British-owned electronics retail shop Currys has banned customers from submitting second-hand electronic sex toys for the company’s e-waste recycling scheme, but says it is “working hard” to be able to accept them in the future.
Currys, which sells electronics in the UK and Ireland in physical stores and online, runs an electronics recycling initiative called Cash for Trash. The scheme rewards customers handing over old tech devices with store credit, usually to the value of £5 per item submitted. Since launching in March 2022, over 46,500 tonnes of e-waste has reportedly been recycled through Cash for Trash.

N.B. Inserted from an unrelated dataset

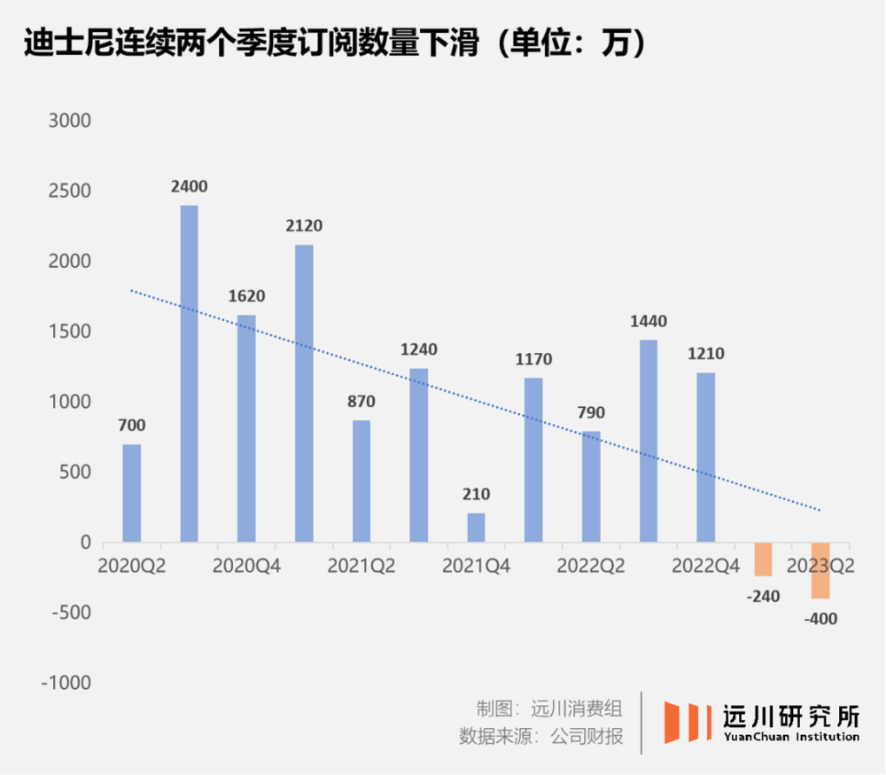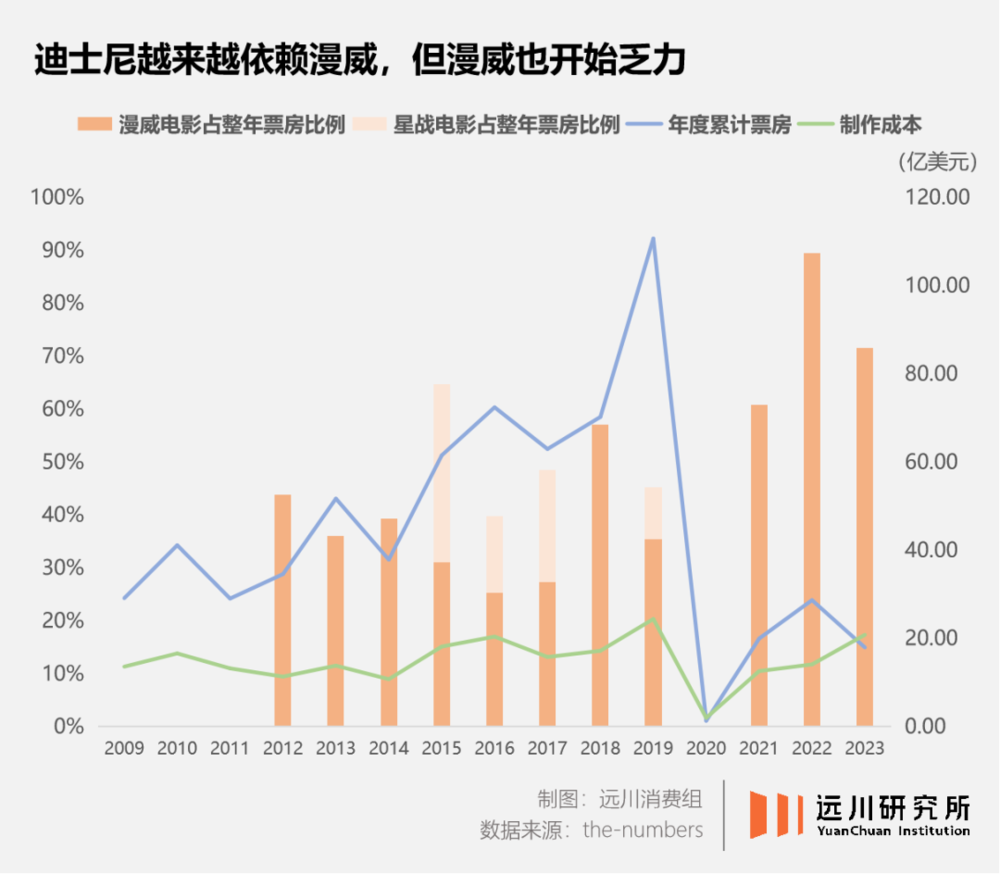 在迪士尼的商业模式里,动画、电影或者说创意内容,是形成一个完整商业闭环的基础。迪士尼的业务通常可以被分为四部分:影视娱乐、有线电视、流媒体、乐园及消费品。影视娱乐是IP供应商,而有线电视、流媒体是扩大IP影响力的分发渠道,乐园和消费品则是IP变现的载体。每个动画人物从大银幕走向迪士尼乐园的货架,才算完成一次商业闭环。但从迪士尼最近的电影票房来看,迪士尼的魔法似乎正在失灵。华尔街的分析师总结说:“迪士尼比任何公司都更依赖于其创意产出,而创意产出却没有发挥作用[3]。”受疫情影响,全球电影业哀鸿遍野,迪士尼也不能幸免。从2020-2023年,迪士尼的票房收入在20亿美元徘徊,而这只是2019年百亿票房的1/5,曾经被寄予厚望的漫威系列,也哑火了。从2012年开始,每年1-2部的漫威系列成为迪士尼稳定的现金流,贡献了迪士尼30%左右的票房。2020年,迪士尼没有上映任何一部漫威电影,而2021年的《黑寡妇》《尚气》《永恒族》,票房加起来都没有2018年一部《黑豹》的票房多。值得注意的是,2019年之后,七部漫威电影都未能在中国院线上映,直到2023年开春,中国观众给《黑豹2》贡献了1.06亿人民币的票房以及5.4的豆瓣评分。只是抛开疫情和中国市场影响,迪士尼也很难再造百亿票房奇迹。复仇者联盟、星球大战两大IP纷纷完结于2019年,短期内很难制造出如《复仇者联盟4》(28亿美元票房)一般刷新影史的增长引擎,青黄不接的迪士尼只能靠漫威英雄续集续命。糟糕的票房宣示了观众对漫威英雄续集的审美疲劳。观众在影院枯坐两小时,发现只是看了下一部的超长预告片。眼看《蚁人3》票房进账4.2亿美元,不仅低于两部前作,更是达不到漫威英雄10亿票房的及格线,迪士尼CEO艾格也坐不住了:漫威是否需要为超级英雄拍摄这么多续集[4]?倚仗着漫威这台印钞机,迪士尼工作室在自创IP这件事似乎不太努力,上一个被全球少年儿童捧上神坛的公主还是2013年《冰雪奇缘》里的艾莎。收购来的皮克斯工作室,票房也在走下坡路,2023年新片《元素总动员》上映当日票房收入仅2950万美元,这个曾经获得过19次奥斯卡金像奖的工作室遇到了30年历史上最糟糕的首映[5]。影视娱乐和主题乐园撑起了迪士尼一半的业绩,以疫情前的经营情况为参考,2019财年影视娱乐(16%)和主题乐园(38%)贡献了迪士尼54%的营收。2020财年,迪士尼净亏损28.6亿美元,出现近20年来首次亏损:一边是院线全面停摆,漫威英雄指望无门;另一边全球六大乐园普遍只营业了几个月,最严重的加州迪士尼闭园超过400天。对于此时的迪士尼来说,加注流媒体并不是一道选择题。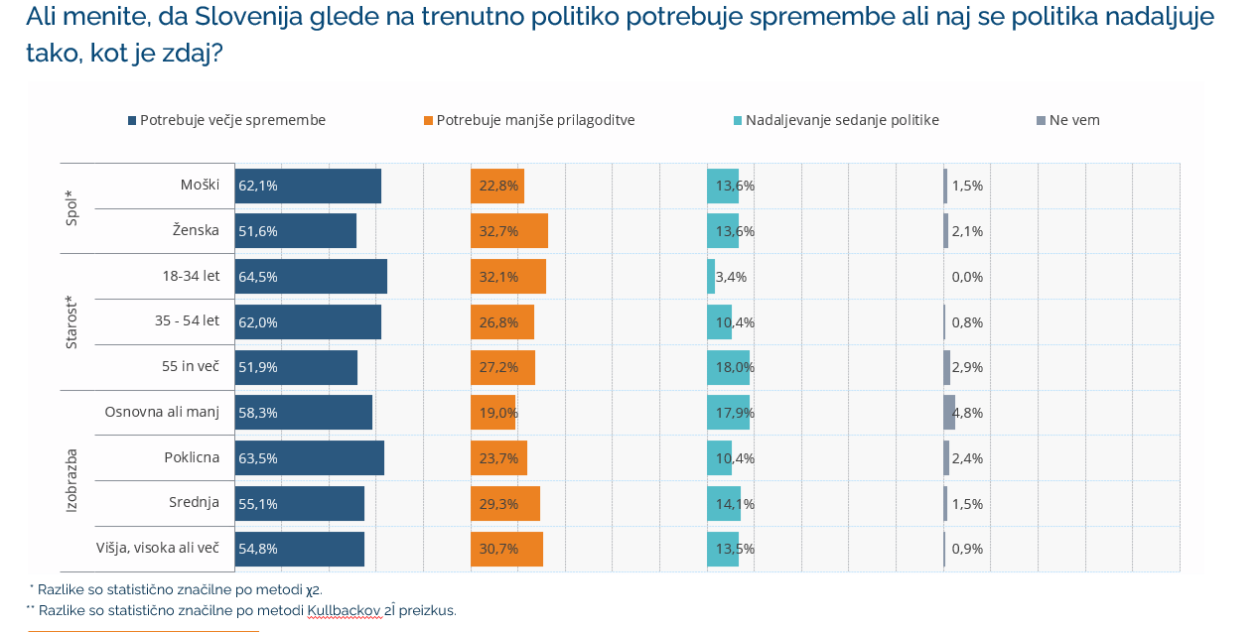 Demografske razlike so tu manj izrazite, a opazne: moški so nekoliko bolj naklonjeni velikim spremembam (62,1 odstotka) kot ženske (51,6 odstotka). Starejši (55+) so najbolj radikalni (62 odstotkov za velike spremembe), najmlajši pa bolj zmerni (32,1 odstotka za velike, 37 odstotkov za manjše). Po izobrazbi prevladuje želja po spremembah med višje izobraženimi.

The company recently banned sex toys from being submitted to Cash for Trash, after suggesting that some customers had been attempting to voucher-up with their unwanted sextech devices.
However, when announcing the ban, Currys suggested that it was working on a way to accept sex toys into the scheme in the future.
A Currys spokesperson told CoventryLive: “From electric neon signs and caravan porta-loos to typewriters and Betamax players, almost anything you can think of can be recycled by our specialists, but please hang onto your sex toys a little while longer!”
Guidelines on Currys’ Cash for Trash web page now state: “Please don’t bring in any sensitive or unhygienic items. Or our colleagues may blush.”
With awareness of sustainability issues rising quickly among the public in recent years, the environmental effects of sex toy products has become more discussed in the sextech industry. In 2021 the US website Squeaky Clean Toys was launched, offering a marketplace to trade (thoroughly cleaned and scrubbed) secondhand sex toys.
“Over half of the population owns sex toys, can you imagine the mountain of these that aren’t being used? We’re only doing a tiny thing here. But when you feel you could do something, why not?” one of the site’s owners told Motherboard.